→ **DESCRIPTION OF THE TASK**
Give the entries below again, word for word, and leave out the images.

(Saved entries)
****************
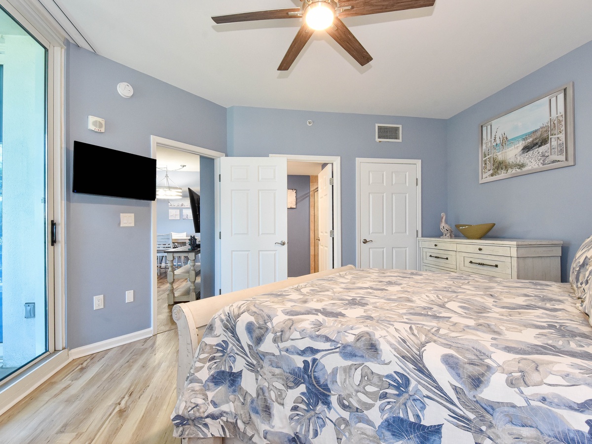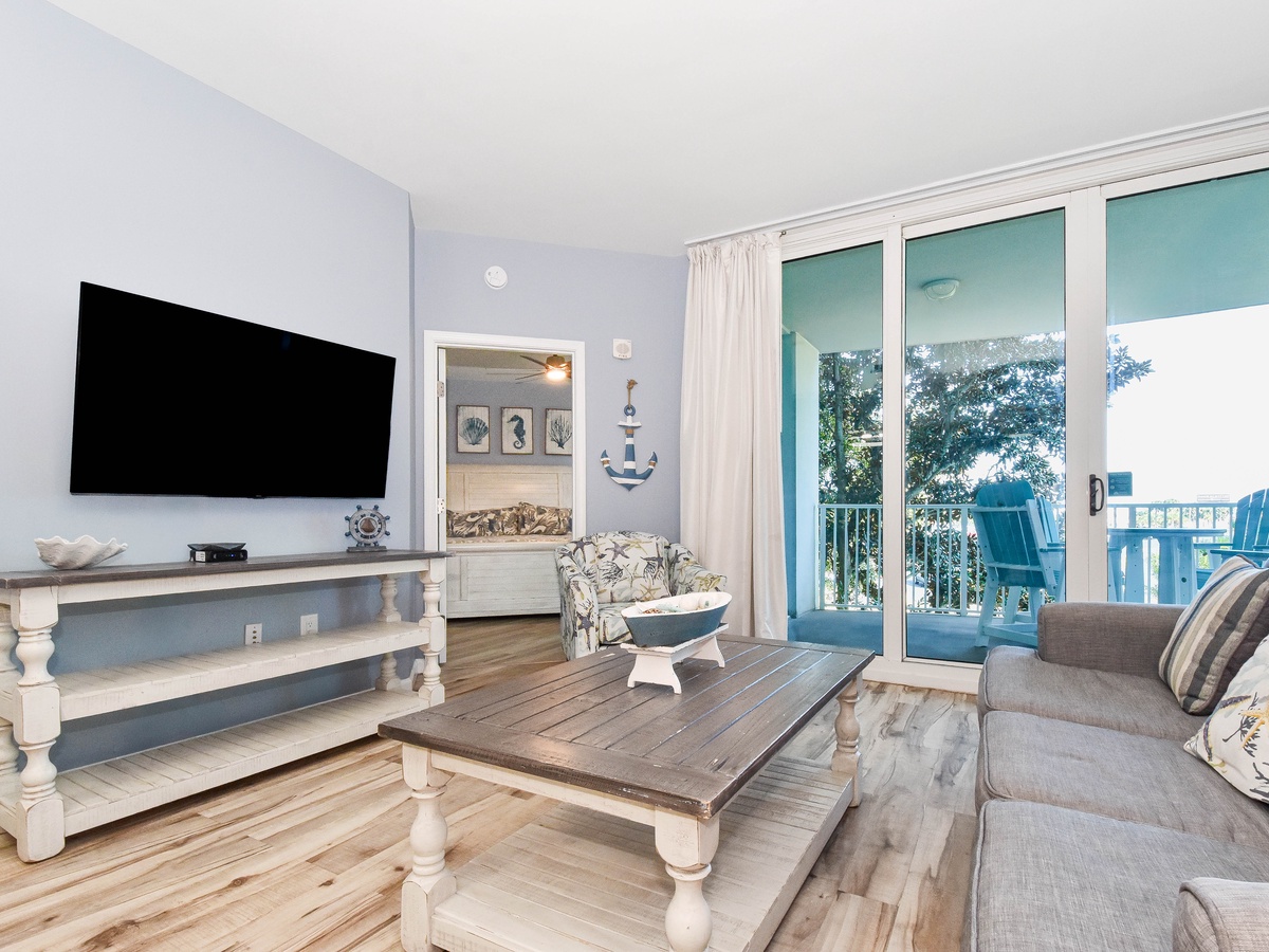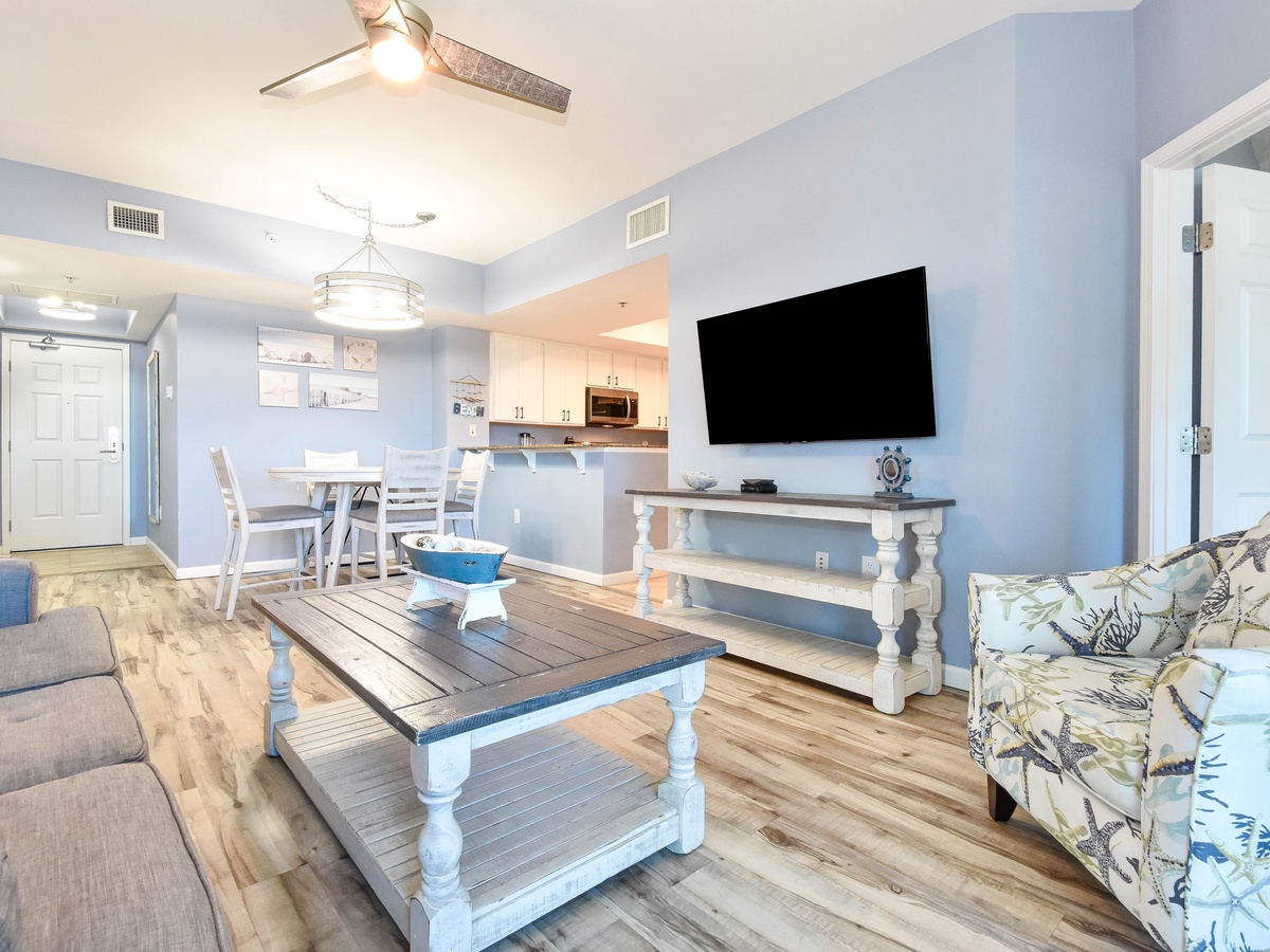 Unwind at The Palms of Destin 1216! Located on the second floor, this beautifully decorated two-bedroom, two-bathroom condo is the perfect retreat for your next beach getaway in the heart of Destin, Florida. The open-concept living and dining area features coastal décor, a wall-mounted flat-screen TV, queen sleeper sofa, and access to a private balcony that offers a quiet and relaxing spot to enjoy the warm Florida breeze. The fully equipped kitchen includes stainless steel appliances, ample counter space, and unique photography showcasing Destin’s local beauty, making it as charming as it is functional. The primary bedroom features a king bed, wall-mounted TV, and a private ensuite bathroom with a walk-in shower. The guest bedroom also has a king bed, wall-mounted TV, and access to the balcony. Just steps away, the second full bathroom features a tub/shower combo. For added convenience, the condo includes a washer and dryer, secure Wi-Fi, and all the essentials to ensure a comfortable and enjoyable stay. Come discover why The Palms of Destin 1216 is the perfect place to relax, recharge, and make lasting vacation memories!
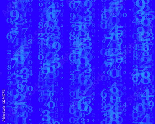 Random numbers 0 and 9. Background in a matrix style. Binary code pattern with digits on screen, falling character.
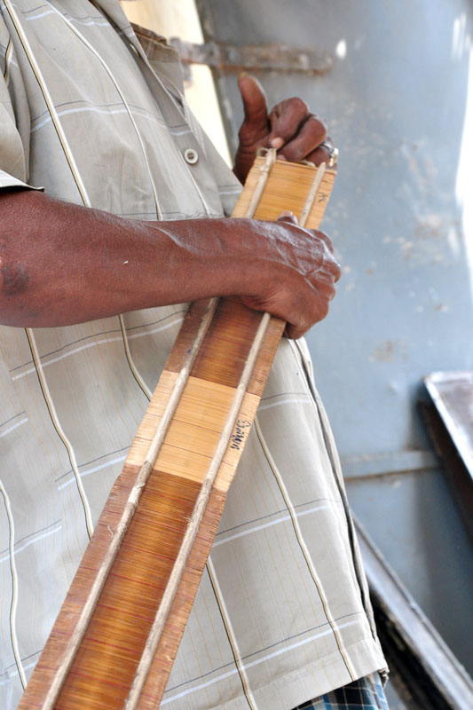 Most weavers have switched from bamboo to iron reeds as they last longer. The bamboo reeds while producing a more pliable, softer fabric tends to open up near the selvedges and needs fixing often.
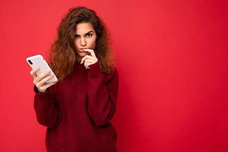 Photo of pretty young female person with curly hair wearing dark red sweater isolated on red background holding mobile
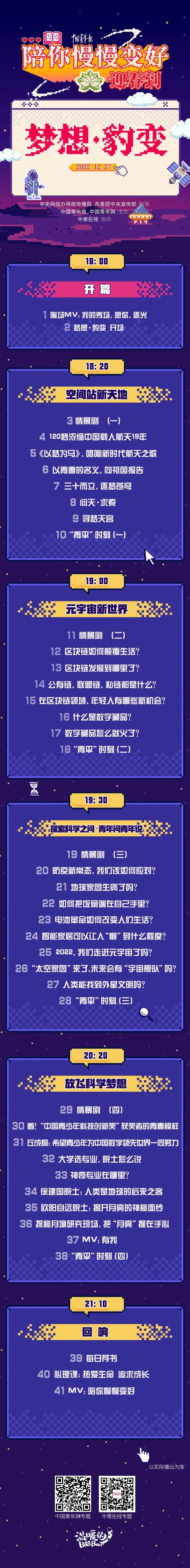 在這場聯(lián)播節(jié)目中,4位年輕記者將通過自己的經(jīng)歷和故事,和大家一起回顧2022年與科技創(chuàng)新有關(guān)的瞬間,重溫那些帶給我們“夢想”和“豹變”的激情時刻。聯(lián)播由空間站新天地、元宇宙新世界、探索科學之問、放飛科學夢想等四大篇章組成,重磅環(huán)節(jié)“探索科學之問”將聯(lián)合北京市科協(xié),共同推出聯(lián)名款“青年問青年說”,青年科學家和大學生一起盤點這些熱點科技問題:防疫新常態(tài),我們該如何應(yīng)對?極端天氣頻發(fā),地球家園生病了?2022年,我們走進元宇宙了嗎?“太空家園”來了,未來會不會有“宇宙艦隊”…… 12月27日,我們不見不散。
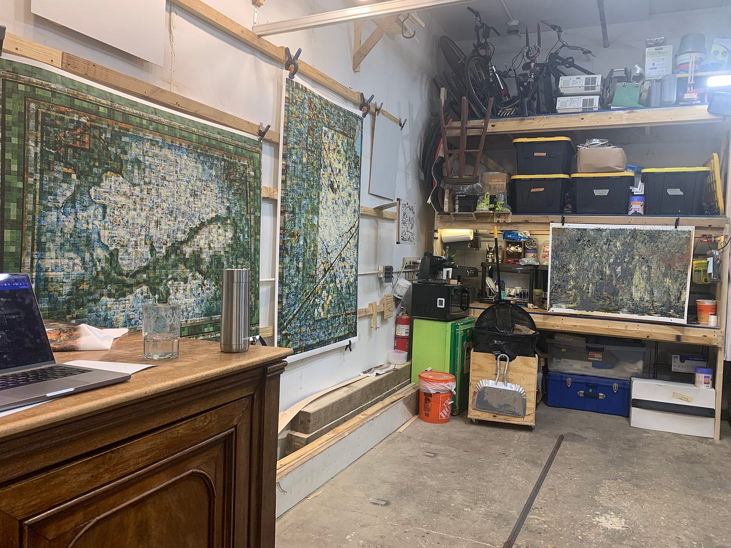 The studio is orderly but densely packed. Large 2-D works hang along the wall. HIs work is tirelessly curious, intrepid, and yeah, nerdy.
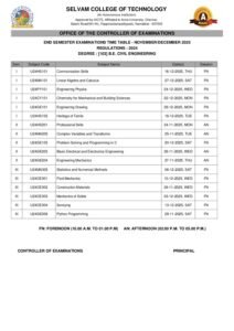 TIMETABLE NOVDEC 2025 EXAMINATIONS Posted by Website Admin SCT Date 23/10/2025 Share: Website Admin SCT You may also like Mother Teresa Educational Excellence Award by International Institute of Education and Management. 15/11/2014 National Conference on Emerging Trends in Electrical, Electronics, Biomedical Engineering and Sustainable Sciences – NCEEEBS 2026 14/03/2026 MoU Signing Ceremony with SARA Controls and Automation 14/03/2026 International Women’s Day Celebration 07/03/2026
****************
→ **SOLUTION BELOW**
 Unwind at The Palms of Destin 1216! Located on the second floor, this beautifully decorated two-bedroom, two-bathroom condo is the perfect retreat for your next beach getaway in the heart of Destin, Florida. The open-concept living and dining area features coastal décor, a wall-mounted flat-screen TV, queen sleeper sofa, and access to a private balcony that offers a quiet and relaxing spot to enjoy the warm Florida breeze. The fully equipped kitchen includes stainless steel appliances, ample counter space, and unique photography showcasing Destin’s local beauty, making it as charming as it is functional. The primary bedroom features a king bed, wall-mounted TV, and a private ensuite bathroom with a walk-in shower. The guest bedroom also has a king bed, wall-mounted TV, and access to the balcony. Just steps away, the second full bathroom features a tub/shower combo. For added convenience, the condo includes a washer and dryer, secure Wi-Fi, and all the essentials to ensure a comfortable and enjoyable stay. Come discover why The Palms of Destin 1216 is the perfect place to relax, recharge, and make lasting vacation memories!
 Random numbers 0 and 9. Background in a matrix style. Binary code pattern with digits on screen, falling character.
 Most weavers have switched from bamboo to iron reeds as they last longer. The bamboo reeds while producing a more pliable, softer fabric tends to open up near the selvedges and needs fixing often.
 Photo of pretty young female person with curly hair wearing dark red sweater isolated on red background holding mobile
 在這場聯(lián)播節(jié)目中,4位年輕記者將通過自己的經(jīng)歷和故事,和大家一起回顧2022年與科技創(chuàng)新有關(guān)的瞬間,重溫那些帶給我們“夢想”和“豹變”的激情時刻。聯(lián)播由空間站新天地、元宇宙新世界、探索科學之問、放飛科學夢想等四大篇章組成,重磅環(huán)節(jié)“探索科學之問”將聯(lián)合北京市科協(xié),共同推出聯(lián)名款“青年問青年說”,青年科學家和大學生一起盤點這些熱點科技問題:防疫新常態(tài),我們該如何應(yīng)對?極端天氣頻發(fā),地球家園生病了?2022年,我們走進元宇宙了嗎?“太空家園”來了,未來會不會有“宇宙艦隊”…… 12月27日,我們不見不散。
 The studio is orderly but densely packed. Large 2-D works hang along the wall. HIs work is tirelessly curious, intrepid, and yeah, nerdy.
 TIMETABLE NOVDEC 2025 EXAMINATIONS Posted by Website Admin SCT Date 23/10/2025 Share: Website Admin SCT You may also like Mother Teresa Educational Excellence Award by International Institute of Education and Management. 15/11/2014 National Conference on Emerging Trends in Electrical, Electronics, Biomedical Engineering and Sustainable Sciences – NCEEEBS 2026 14/03/2026 MoU Signing Ceremony with SARA Controls and Automation 14/03/2026 International Women’s Day Celebration 07/03/2026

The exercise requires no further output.